Banks make money when there is opacity, but regulators are forcing them to be more transparent about their activities, justify their fees and validate transaction pricing across asset classes. Moreover, sophisticated technology is getting cheaper which encourages disintermediation and disruption to traditional business models by new entrants. Banks and brokerages are compelled to respond, or else suffer shrinking market share.

The buy-side is in a similar position. The ineluctable rise of passive investing and the intrusion of robo-wealth advisers are piling pressure on established asset managers. Truly, the tectonic plates are shifting.

The technology needed to gather and make sense of the information and then derive recommendations is rapidly improving. Indeed, we have just launched a five-person trading technology team to take advantage of these new opportunities.

The information is generated internally and accumulated from external sources. The internal data accrues from messaging from counterparties, orders, trades and their hit ratios and a myriad other derivations and interpretations. External data, for instance, declared orders and reported trades, was previously proprietorial and therefore scarce or expensive, but is now widely available.

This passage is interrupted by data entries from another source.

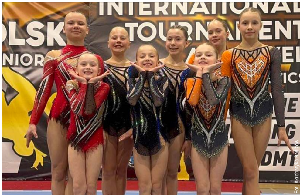
Akrobatki z Ranizowa wystartowały w Krakowie.

Rywalizacja w kategorii Mini-Youth zawsze wzbudza duże emocje – to tutaj młode talenty szlifują swoje umiejętności, łącząc siłę, precyzję i niesamowitą koordynację. Reprezentantki klubu Akrobatyka Ranizów w Krakowie pokazały się ze znakomitej strony udowad-
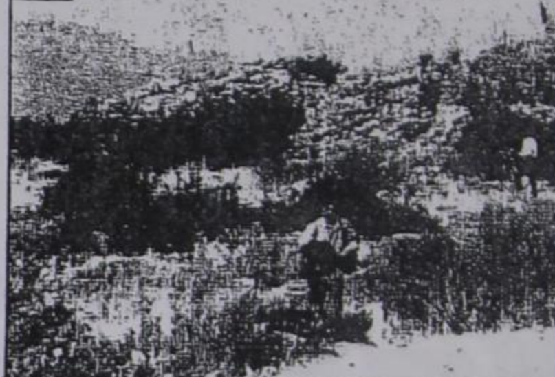
Ο σκηνοθέτης ΓΙΑΝΝΗΣ ΠΡΟΚΟΒΑΣ στην Πέργαμο

Υπενθυμίζουμε ότι τα ντοκιμαντέρ του ίδιου που έχουν προβληθεί μέχρι τώρα είναι: «Αμπελάκια» - «Γάμος στο
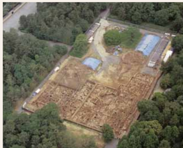
上空から見た北側の調査区（上が北）

1997年～2002年にかけて京都御苑内で、京都迎賓館建設に伴う発掘調査が行われました。この調査は平安京跡では、これまでに例をみない大規模な調査面積（約15,000㎡）でした。調査では古墳時代から江戸時代の建物跡、溝、井戸、池跡、道路跡、流路跡などが多数見つかりました。特に平安時代のものは建物や井戸、道路や溝などが見つかり、平安京北東部の様子が明らかになりました。また平安時代の遺物には、儀式様土器といわれている白色土器が土御門第跡地の近くの穴から多量に見つかりました。
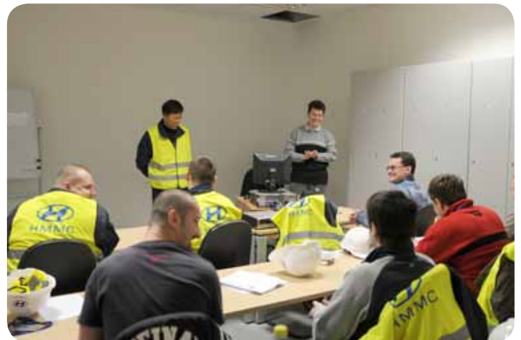
Generální manažer svařovny vítá nové zaměstnance

: ACS – System Checking the Accuracy of the Bodywork with 4 robots
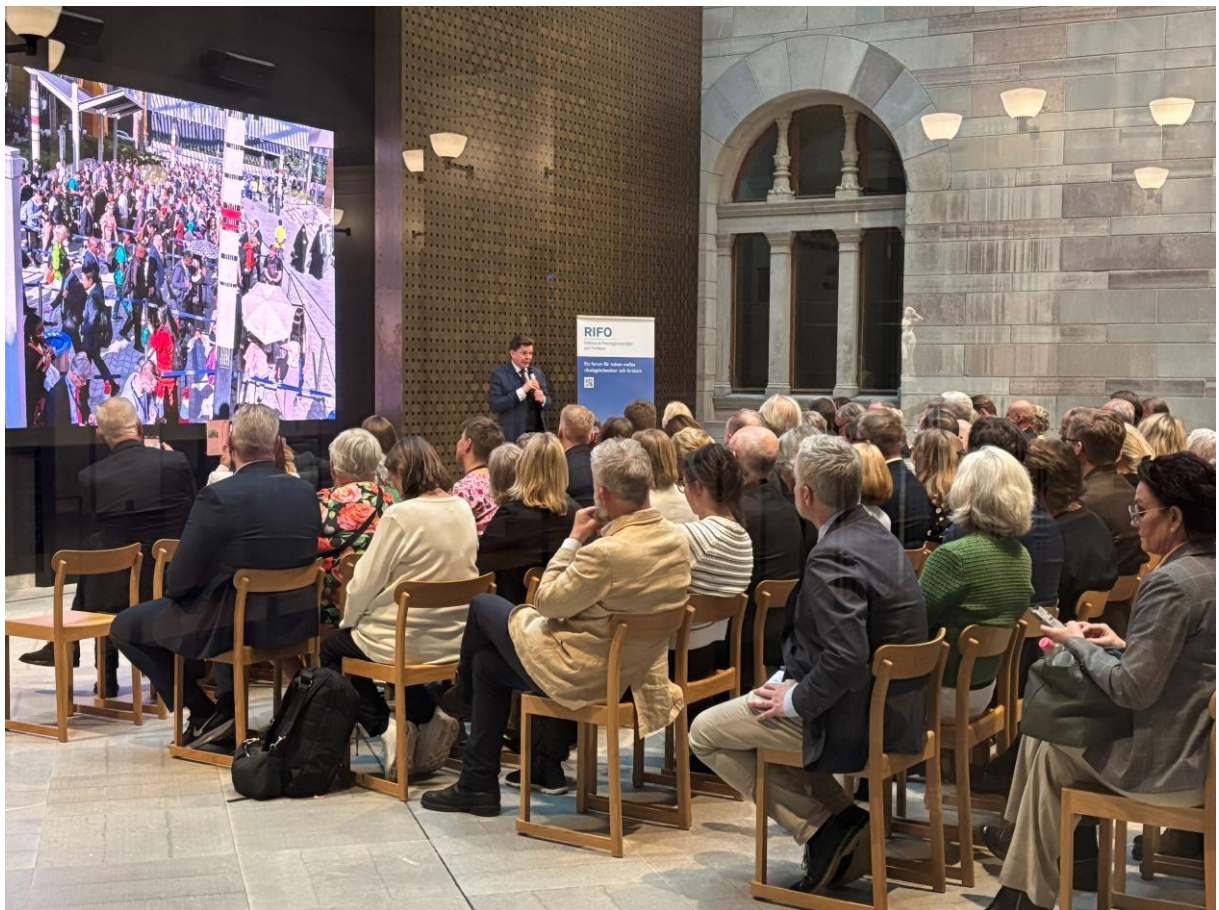
Talman Andreas Norlén vid Rifos mottagning tillsammans med Riksbankens Jubileumsfond den 21 maj.
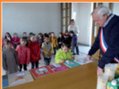
La classe des TPS-PS-MS en déplacement à la mairie le mardi 18 mai pour voter.

L'équipe songe déjà à passer la commande pour la rentrée prochaine. En attendant les superbes livres couverts par les soins de Mme Damour sont déjà déposés à la bibliothèque de l'école.
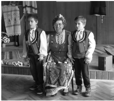
Приемствеността между поколенията в Дуранкулак е жива – баба и внучета пеят народна песен

Although there isn’t yet a consolidated tape, measures such as the Trade Reporting and Compliance Engine (TRACE) for over-the-counter bond transactions in the US is a step in that direction. In the UK, the London Stock Exchange’s approved publication arrangement (APA) has raised the level of trade reporting in the fixed income markets, with some third party vendors now aggregating APAs. The product captures a significant part of the total market, and usually large enough to draw valid conclusions especially when used in conjunction with internal data.

Post-trade analysis is critical. As more data is available, a trader becomes better able to gauge whether they handled an order correctly (for example, a request for quote), whether they approached the best counterparty for a particular bond (through examination of hit-ratios) and whether they transacted at the optimum time in the day.

It is also worth emphasising that an important effect of the Markets in Financial Instruments Directive (MiFID) II is to ensure that a fixed income trader’s experience and intuition is underpinned by evidence. A decision to execute a trade and the process towards that decision must be seen to be rational.

Electronic and automated trading of liquid, benchmark bonds is evolving, with increasingly reliable and systematic recalibrations of constituent bond issues taking place. One obvious benefit for traders is that more bandwidth is created for them to deploy their skills and exploit their networks to concentrate on illiquid or esoteric bond issues.

Limits to machine learning effectiveness
Of course, the potential of artificial intelligence (AI) and machine learning (ML) for the trading process has attracted a lot of attention. However, despite the hype, their deployment in fund management in general is at a very early stage: there simply isn’t yet the commercial imperative for their application.

Portfolio managers might use ML to track a benchmark (either explicitly or covertly); traders might eventually find a use for ML if orders are delivered in a less sequential fashion than now. However, the fragmentary nature of the fixed income markets and, despite the proliferation of data, the still incomplete knowledge of all liquidity sources, different trading protocols, diverse instruments and partial price information inherent in an over-the-counter market limits the efficacy of ML in the trading process.

Furthermore, many bond issues trade infrequently. Although most European equities trade around 500 times a day, many bond issues rarely trade for days or even weeks. This, perhaps, is the most significant reason why ML has restricted relevance to the fixed income markets – at least, beyond the regularly traded, liquid benchmark issues which are more amenable to systematic trading.

The extensive use of algorithms caused a behavioural shift in the equities markets, by reducing the size of individual trades. Greater electronification of fixed income trading is also likely to lead to behavioural changes, as orders get focussed on more tightly defined data points and as the underlying process becomes more methodical.

The difficulty for buy-side firms is how to embrace new technologies successfully. There isn’t a standard model with an unambiguous record of success – partly because it’s too early to make an accurate assessment, and partly because many buy-side firms have historically relied (and in many cases still do) on the sell-side for technologies and systems, for instance their trading algorithms. In any case, the buy-side firms need to decide quickly – and must expect to fail as they experiment.

Ultimately, it’s only possible to solve problems and adapt to external innovations to the extent of your capabilities. As in the solution to the riddle, how do you eat an elephant? Answer: one bite at a time.